TASK
Without any pictures, print the lines below from the one that has "OBO 1117068 CL2512UP2000A2" through the one that has "Obraz premium The", exactly and nothing else.

GIVEN RECORDS
• • • • • • •

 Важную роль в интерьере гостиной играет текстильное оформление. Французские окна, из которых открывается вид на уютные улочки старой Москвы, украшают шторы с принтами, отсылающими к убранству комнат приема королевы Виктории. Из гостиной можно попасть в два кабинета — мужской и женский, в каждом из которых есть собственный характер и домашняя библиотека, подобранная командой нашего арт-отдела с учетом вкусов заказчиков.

• • • • • • •

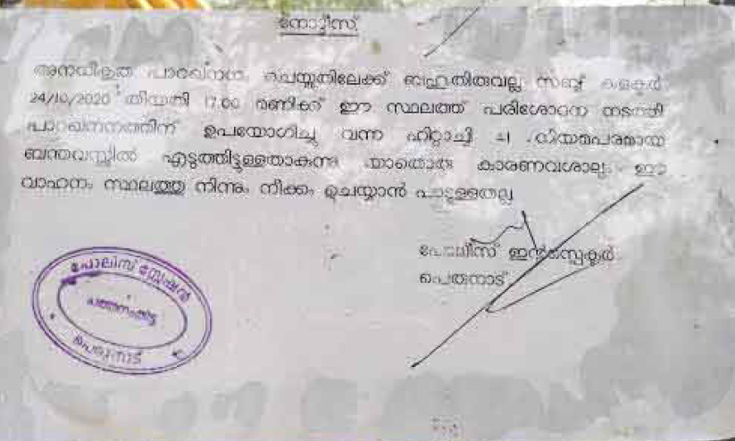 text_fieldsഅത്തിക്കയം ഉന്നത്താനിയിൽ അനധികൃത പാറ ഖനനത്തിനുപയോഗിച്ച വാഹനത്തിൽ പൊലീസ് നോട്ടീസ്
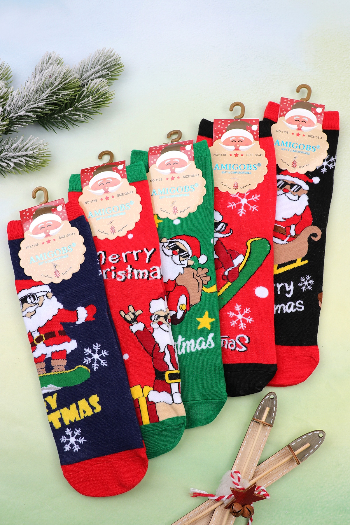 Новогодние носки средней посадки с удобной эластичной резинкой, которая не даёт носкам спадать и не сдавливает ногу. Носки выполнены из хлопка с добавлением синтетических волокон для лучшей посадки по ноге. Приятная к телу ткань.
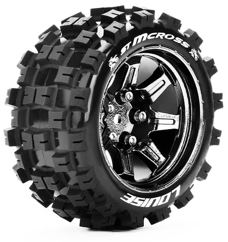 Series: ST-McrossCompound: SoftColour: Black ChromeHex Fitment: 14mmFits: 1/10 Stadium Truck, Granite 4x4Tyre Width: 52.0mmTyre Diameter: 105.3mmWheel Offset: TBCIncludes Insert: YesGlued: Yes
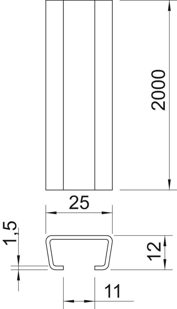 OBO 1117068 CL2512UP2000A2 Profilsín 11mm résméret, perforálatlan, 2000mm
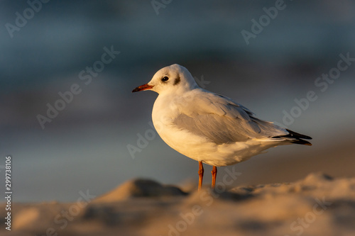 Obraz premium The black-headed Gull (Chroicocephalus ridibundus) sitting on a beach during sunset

• • • • • • •

RESPONSE BELOW
 OBO 1117068 CL2512UP2000A2 Profilsín 11mm résméret, perforálatlan, 2000mm
 Obraz premium The black-headed Gull (Chroicocephalus ridibundus) sitting on a beach during sunset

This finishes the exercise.